As long as your training is positive and motivational you can start immediately. This site has tons of training info you can do at home, before you sign up for a class: Digital Dog Training Textbook | Dog Star Daily

Even if he's not a puppy you're starting at the beginning, so treat him the same as if he were a puppy. There's some stuff that might helpful in this thread too: http://www.germanshepherds.com/foru...eneral/150249-relationship-w-your-rescue.html


----------



## BowWowMeow (May 7, 2007)

Thanks for considering a rescue! It really depends on the dog's psychological condition when you get him. Every dog is different. My dog Basu had been neglected and abused for 4.5 years when I adopted him and was _very _fearful at first. He also had a poor association with any of the normal commands and when asked to do anything he would fall on the floor and show you his belly. 

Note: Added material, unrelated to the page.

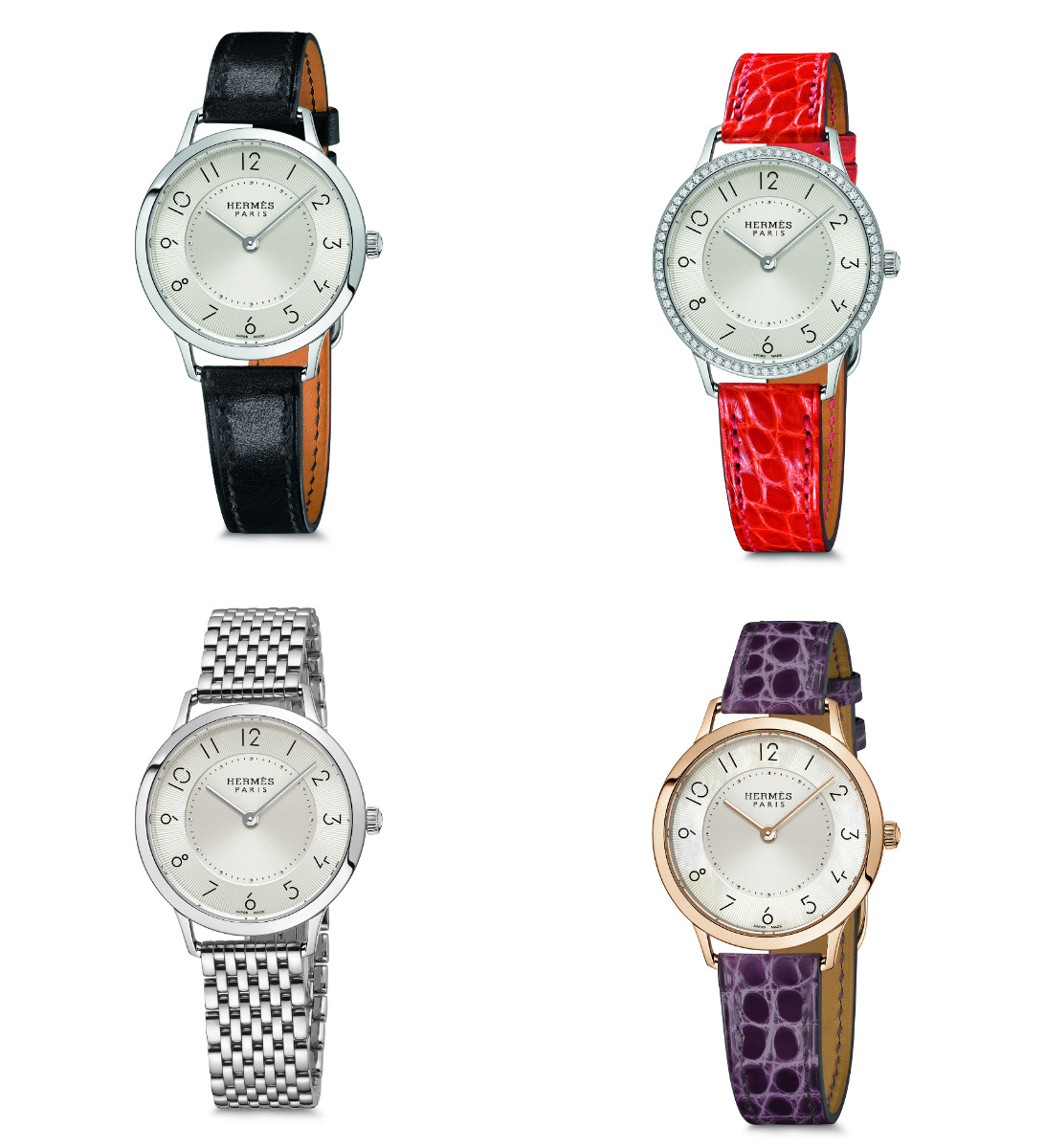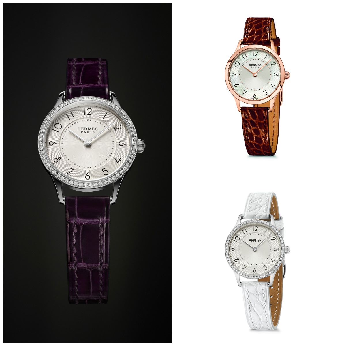 Perfect for everyday wear, the delicately designed alligator wristbands come in numerous gorgeous colours, such as blackcurrant, cloud white, sapphire blue, Etruscan, elephant grey, and ultraviolet. Other choices for the watch bands include box calf and Barenia leather. There are also steel and rose gold versions for the Slim d’Hermès collection, with the option of diamond settings. The rose gold is the true showcase of Hermès’ craftsmanship as it is decorated with a beautiful guillochè dial made of mother-of-pearl, and the back of the case even features Hermès’ ex-libris design.

We actually had to come up with different ways of doing things with him and initially just kept everything very positive, gave really yummy treats for even the smallest steps (like coming out his crate instead of hiding in there), did lots of leash walks, etc. Once he gained confidence and trusted us we began introducing commands but again kept everything super positive and moved forward in baby steps. 

On the other hand we had a 6mo foster gsd who had also been abused and he did great from the get go and was able to start regular positive training immediately.


----------



## EMarie59 (Jan 22, 2011)

Even if he's not a puppy you're starting at the beginning said:


> http://www.germanshepherds.com/forum/rescue-foster-adoption-information-general/150249-relationship-w-your-rescue.html[/URL]


You have no idea how much this helped me. Puppy training! I can do that!


----------



## EMarie59 (Jan 22, 2011)

BowWowMeow said:


> Thanks for considering a rescue! It really depends on the dog's psychological condition when you get him. Every dog is different. My dog Basu had been neglected and abused for 4.5 years when I adopted him and was _very _fearful at first. He also had a poor association with any of the normal commands and when asked to do anything he would fall on the floor and show you his belly.
> 
> We actually had to come up with different ways of doing things with him and initially just kept everything very positive, gave really yummy treats for even the smallest steps (like coming out his crate instead of hiding in there), did lots of leash walks, etc. Once he gained confidence and trusted us we began introducing commands but again kept everything super positive and moved forward in baby steps.
> 
> On the other hand we had a 6mo foster gsd who had also been abused and he did great from the get go and was able to start regular positive training immediately.


Thanks Ruth. Totally makes sense to me. I had posted in another post that 30 years ago I had worked at a pet store aka puppy mill and had to work with a very timid Siberian Husky pup. I had done gentle talking and gave treats to her just for coming up to me as she would cower in the corner of a room and not move at first. Thank you!


----------



## Kayos and Havoc (Oct 17, 2002)

Even while you are doing basic manners in the house you are bonding so start right away and keep it positive. Often rescues are really in need of leadership and direction, by starting with simple basics you are providing that. 

Wish I had been so wise when I bought home my rescue 11 years ago. I gave him time to adjust and ended up with a dog that took advantage of me. It took awhile to overcome that.


----------



## kelso (Jan 22, 2007)

BowWowMeow said:


> Thanks for considering a rescue! It really depends on the dog's psychological condition when you get him. Every dog is different. My dog Basu had been neglected and abused for 4.5 years when I adopted him and was _very _fearful at first. He also had a poor association with any of the normal commands and when asked to do anything he would fall on the floor and show you his belly.
> 
> We actually had to come up with different ways of doing things with him and initially just kept everything very positive, gave really yummy treats for even the smallest steps (like coming out his crate instead of hiding in there), did lots of leash walks, etc. Once he gained confidence and trusted us we began introducing commands but again kept everything super positive and moved forward in baby steps.
> 
> On the other hand we had a 6mo foster gsd who had also been abused and he did great from the get go and was able to start regular positive training immediately.


:thumbup:

This is great advice, as well as what CM said. It depends on the dog.
Allie came home in July 2009 at around a year old and we passed a basic OB/intro to agility type class by Sept 2009 with flying colors and had alot of fun. 
But she did not really have any "baggage" so I definately think it depends.

My mom adopted a dog a year ago that still will not go up stairs 50% of the time as well as some other issues. But they still started to teach her to sit for her food and not mouth on people right away. I like what was said above about treating them like puppies.

I think you will know what to do depending on the dog


----------



## kelso (Jan 22, 2007)

I just noticed I put July and Sept 2009, wow, that was actually 2007 that I meant. This whole 2011 thing is freaking me out!

How is it going EMarie?


----------